Once upon a time, there was a carrot named Larry who was always merry.

If you are using an 
LLM and you want to know how many tokens are you using, 
here's a helper function that is a little bit 
more sophisticated in that it gets a response 
from the OpenAI API endpoint and then it 
uses other values in the response to tell 
you how many prompt tokens, completion tokens, and 
total tokens were used in your API call.

In [None]:
def get_completion_and_token_count(messages, 
                                   model="gpt-3.5-turbo", 
                                   temperature=0, 
                                   max_tokens=500):
    
    response = openai.ChatCompletion.create(
        model=model,
        messages=messages,
        temperature=temperature, 
        max_tokens=max_tokens,
    )
    
    content = response.choices[0].message["content"]
    
    token_dict = {
'prompt_tokens':response['usage']['prompt_tokens'],
'completion_tokens':response['usage']['completion_tokens'],
'total_tokens':response['usage']['total_tokens'],
    }

    return content, token_dict

In [None]:
messages = [
{'role':'system', 
 'content':"""You are an assistant who responds\
 in the style of Dr Seuss."""},    
{'role':'user',
 'content':"""write me a very short poem \ 
 about a happy carrot"""},  
] 
response, token_dict = get_completion_and_token_count(messages)

In [None]:
print(response)

*OUTPUT*

Oh, the happy carrot, so bright and orange,
Grown in the garden, a joyful forage.
With a smile so wide, from top to bottom,
It brings happiness, oh how it blossoms!

In the soil it grew, with love and care,
Nourished by sunshine, fresh air to share.
Its leaves so green, reaching up so high,
A happy carrot, oh my, oh my!

With a crunch and a munch, it's oh so tasty,
Filled with vitamins, oh so hasty.
A happy carrot, a delight to eat,
Bringing joy and health, oh what a treat!

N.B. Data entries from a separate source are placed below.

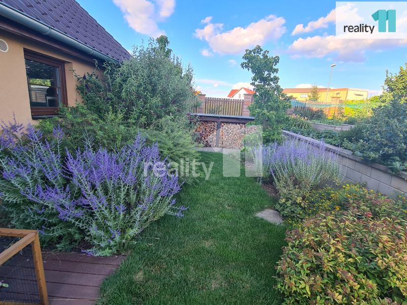 Zejména děti ocení velký prostor pro hraní a zabudovanou klouzačku. Součástí pozemku je i zahradní domek nabízející další úložný prostor pro zahradní náčiní.
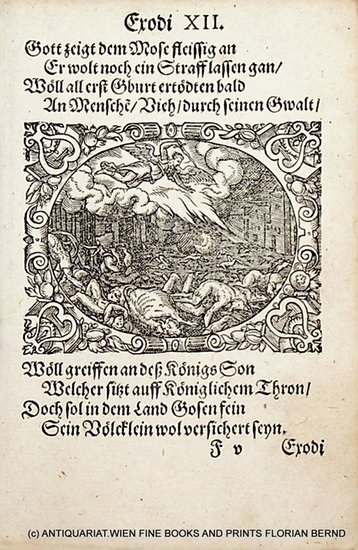 Exodus 12 1571. original Holzschnitt von Jost Amman auf der ganzen Buchseite mit ornamentaler Umrahmung, Darstellung ca. 5,5 x 7 cm, verso weiss / original woodcut by Jost Amman on the whole book page with ornamental framing, image ca. 5,5 x 7 cm, verso blank. original Blatt aus Rebenstock: Neuwe Biblische Figuren etc. Feyerabend 1571 [VD16 R 436] vgl. Andresen: Der deutsche Peintre-Graveur I, 296, Jost Amman No. 182; 301, II.
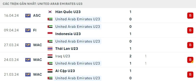 Họ đang đối diện với nguy cơ bị loại ngay ở lượt đấu thứ 2, khi phải đụng độ với ông kẹ Nhật Bản. Phong độ của U23 UAE là điều khiến mọi cổ động viên Tây Á lo lắng, khi họ toàn thua cả 4 trận đấu gần nhất. Họ cũng không thể thắng U23 Nhật Bản ở 3 lần đụng độ vừa qua, trong đó có 2 thất bại.
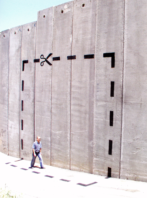 2007年12月、ヨルダン川西岸地区のベツレヘムにおいて、分離壁などにステンシル画6点を残した。
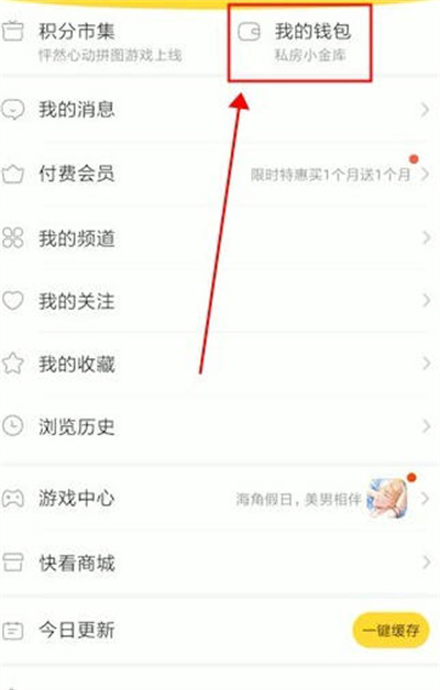 2、进入我的页面后,点击右上角“我的钱包”。

So let's celebrate this veggie so grand,
With a happy carrot in each hand.
For in its presence, we surely find,
A taste of happiness, one of a kind!

In [None]:
print(token_dict)

*OUTPUT*
```json
{'prompt_tokens': 37, 'completion_tokens': 164, 'total_tokens': 201}

```

#### Notes on using the OpenAI API outside of this classroom

To install the OpenAI Python library:
```
!pip install openai
```

The library needs to be configured with your account's secret key, which is available on the [website](https://platform.openai.com/account/api-keys). 

You can either set it as the `OPENAI_API_KEY` environment variable before using the library:
 ```
 !export OPENAI_API_KEY='sk-...'
 ```

Or, set `openai.api_key` to its value:

```
import openai
openai.api_key = "sk-..."
```

Now, I want to share with you one more tip for 
how to use a Large Language Model. 
Commonly the OpenAI API requires using an API key that's 
tied to either a free or a paid account. 
And so many developers will write the API 
key in plain text like this into their 
Jupyter notebook. 
And this is a less secure way of using API keys that 
I would not recommend you use, because it's just too easy to 
share this notebook with someone else or check 
this into GitHub or something and thus end 
up leaking your API key to someone else. 
In contrast, what you saw me do in the Jupyter 
notebook was this piece of code, where I use a library "dotenv", 
and then run this command "load_dotenv", "find_dotenv" to read 
a local file which is called ".env" that contains my secret key. 
And so with this code snippet, I have locally stored a file called 
".env" that contains my API key. 
And this loads it into the operating systems environmental 
variable. 
And then "os.getenv, ('OPENAI_API_KEY')" stores it into this variable. And in this 
whole process, I don't ever have to enter the API key in plain text and 
unencrypted plain text into my Jupyter notebook. 
 
So this is a relatively more secure and a better 
way to access the API key. And in fact, this is a general 
method for storing different API keys from lots 
of different online services that you might want to use and call 
from your Jupyter notebook. 

![Token](immagini\06_api.png)

#### A note about the backslash
- In the course, we are using a backslash `\` to make the text fit on the screen without inserting newline '\n' characters.
- GPT-3 isn't really affected whether you insert newline characters or not.  But when working with LLMs in general, you may consider whether newline characters in your prompt may affect the model's performance.